**What the exercise asks:** With pictures excluded, output exactly the lines that run from the first line of the data below through the line containing "- Klicken Sie".

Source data

====================

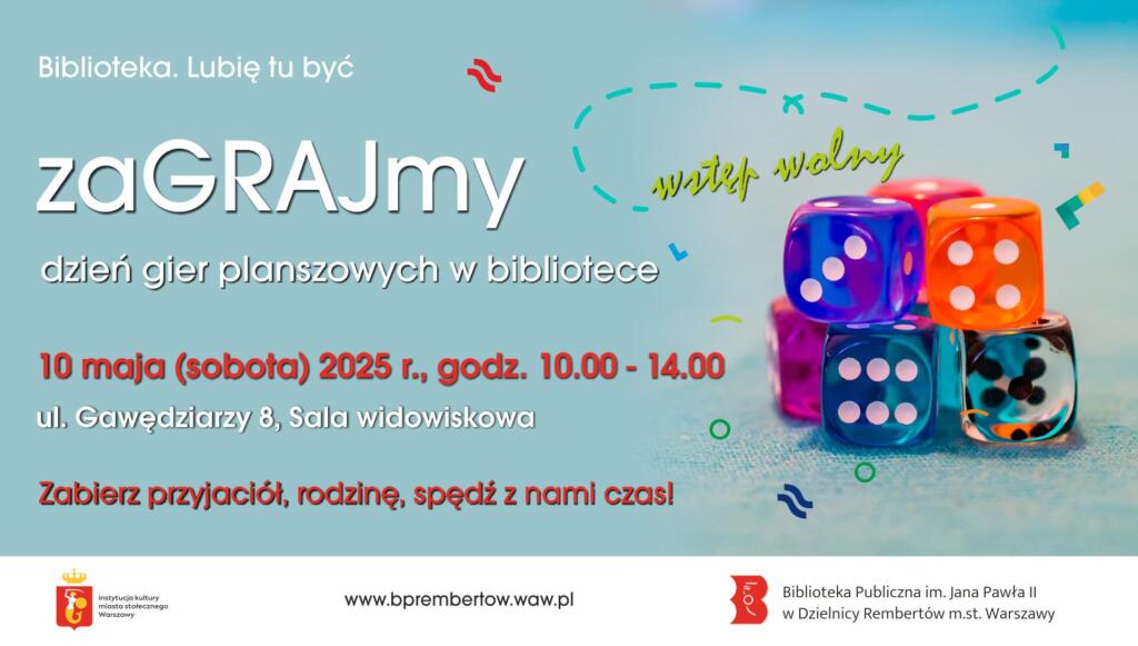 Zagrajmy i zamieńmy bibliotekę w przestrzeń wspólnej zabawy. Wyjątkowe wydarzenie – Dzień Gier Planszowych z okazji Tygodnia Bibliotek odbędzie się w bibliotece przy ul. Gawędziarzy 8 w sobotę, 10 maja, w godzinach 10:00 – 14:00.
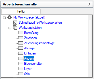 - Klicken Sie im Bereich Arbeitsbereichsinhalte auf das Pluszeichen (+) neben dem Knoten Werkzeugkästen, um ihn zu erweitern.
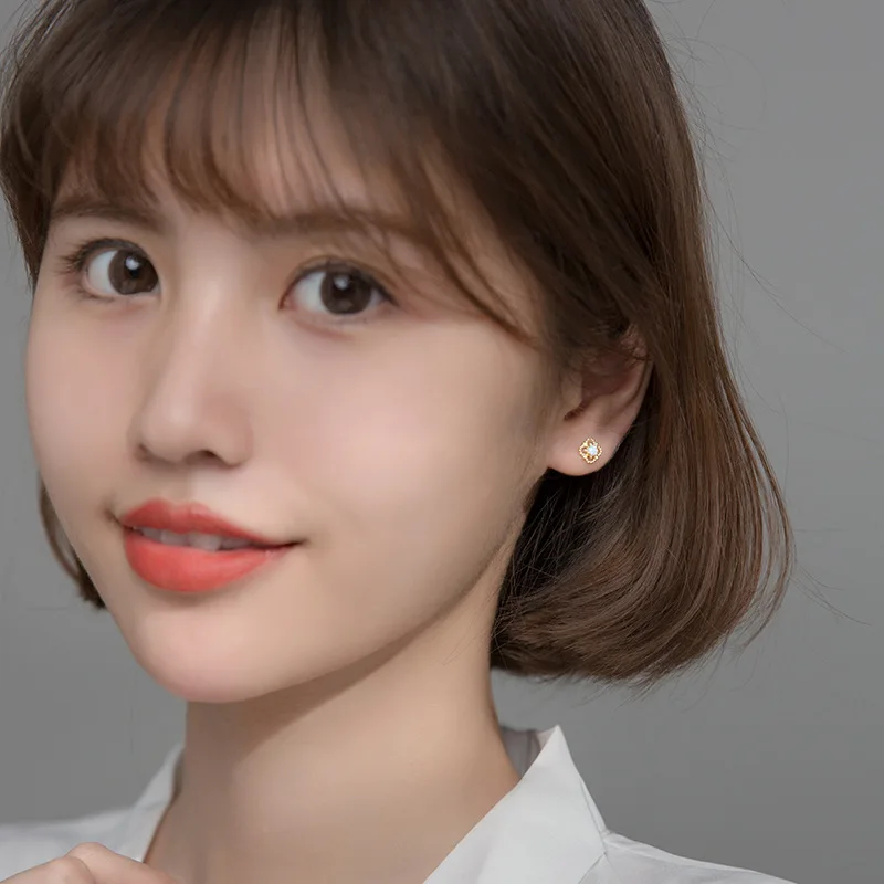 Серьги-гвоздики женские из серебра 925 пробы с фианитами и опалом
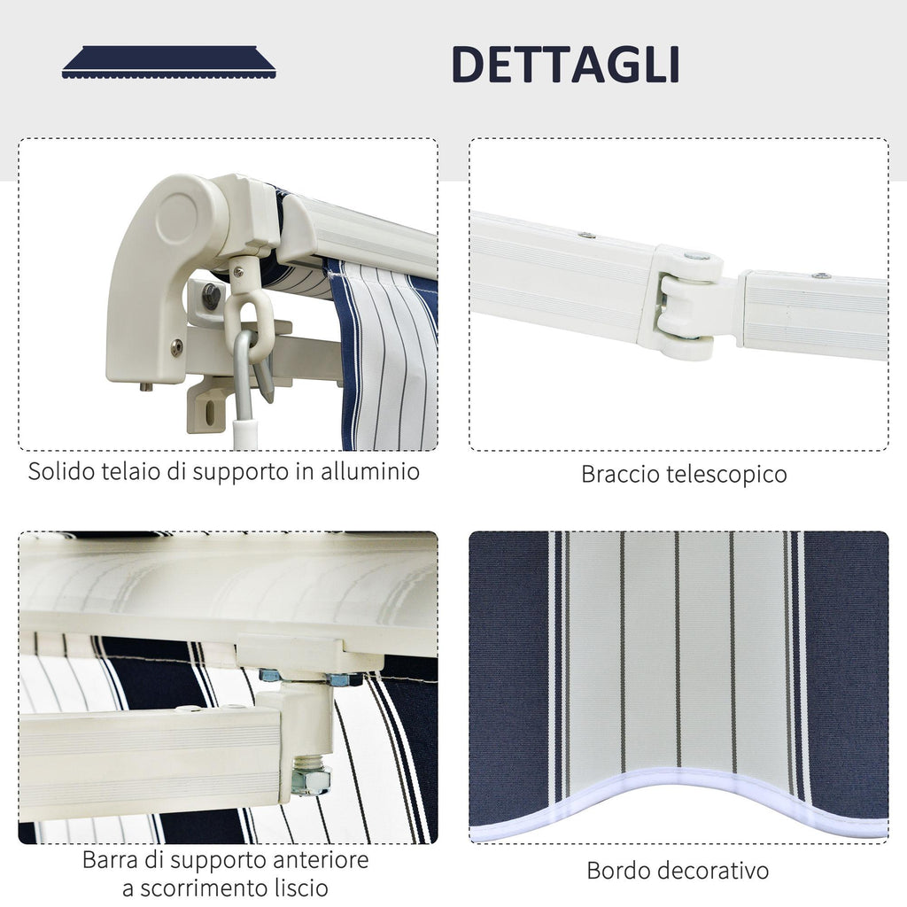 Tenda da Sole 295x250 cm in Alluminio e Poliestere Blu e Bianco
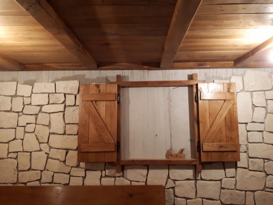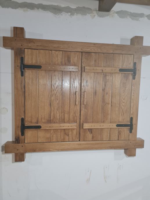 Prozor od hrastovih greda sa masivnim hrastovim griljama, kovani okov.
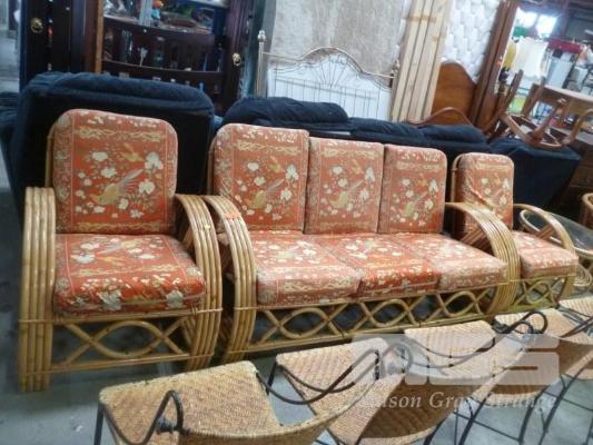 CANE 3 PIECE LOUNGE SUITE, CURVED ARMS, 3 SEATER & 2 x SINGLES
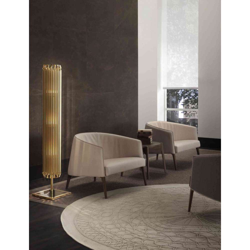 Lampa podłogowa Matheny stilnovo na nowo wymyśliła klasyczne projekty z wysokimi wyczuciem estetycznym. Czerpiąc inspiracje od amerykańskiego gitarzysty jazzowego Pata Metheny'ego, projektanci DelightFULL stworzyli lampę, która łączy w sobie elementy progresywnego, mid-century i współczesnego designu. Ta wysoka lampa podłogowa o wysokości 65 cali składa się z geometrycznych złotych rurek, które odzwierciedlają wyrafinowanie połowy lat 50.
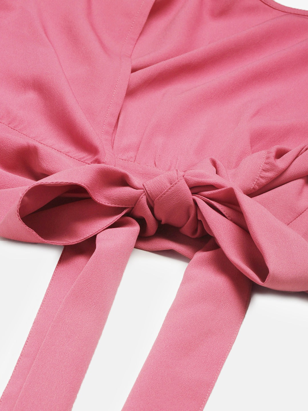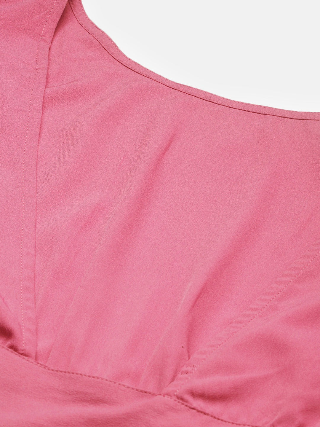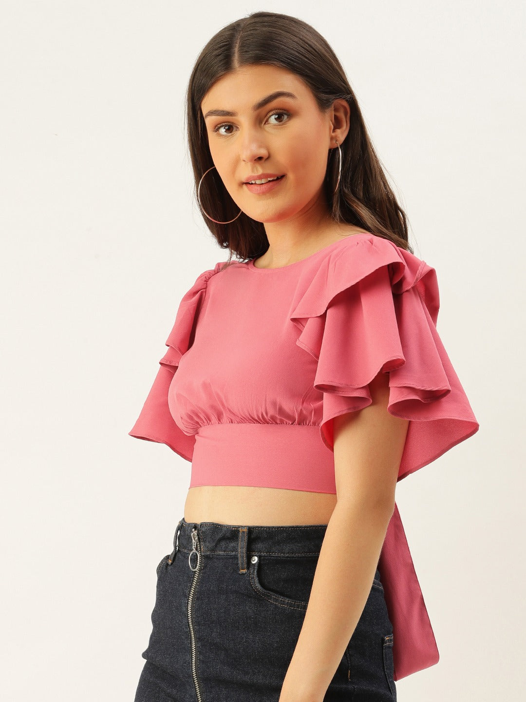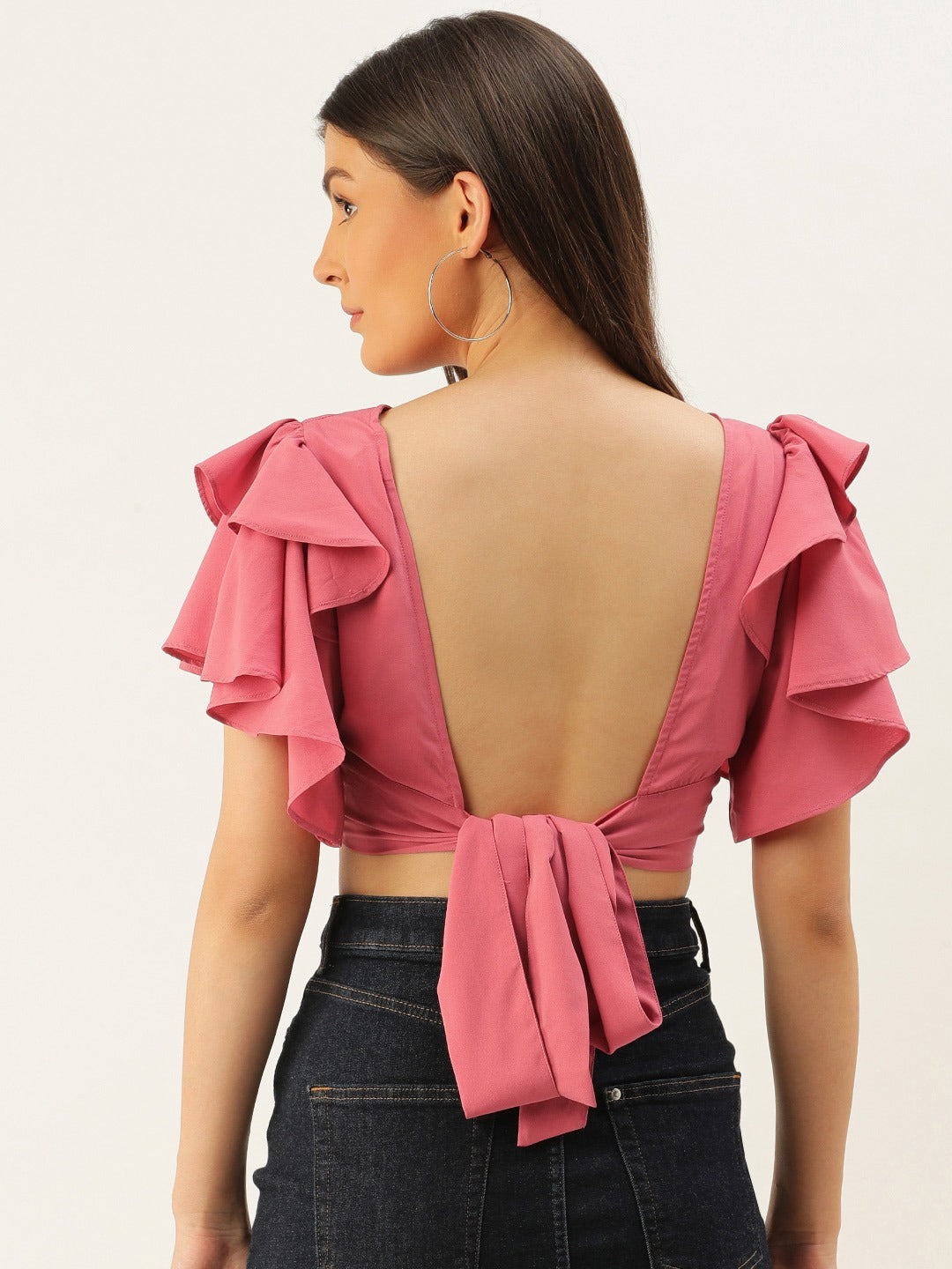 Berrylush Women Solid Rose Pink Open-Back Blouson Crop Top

====================

**Written response:**
 Zagrajmy i zamieńmy bibliotekę w przestrzeń wspólnej zabawy. Wyjątkowe wydarzenie – Dzień Gier Planszowych z okazji Tygodnia Bibliotek odbędzie się w bibliotece przy ul. Gawędziarzy 8 w sobotę, 10 maja, w godzinach 10:00 – 14:00.
 - Klicken Sie im Bereich Arbeitsbereichsinhalte auf das Pluszeichen (+) neben dem Knoten Werkzeugkästen, um ihn zu erweitern.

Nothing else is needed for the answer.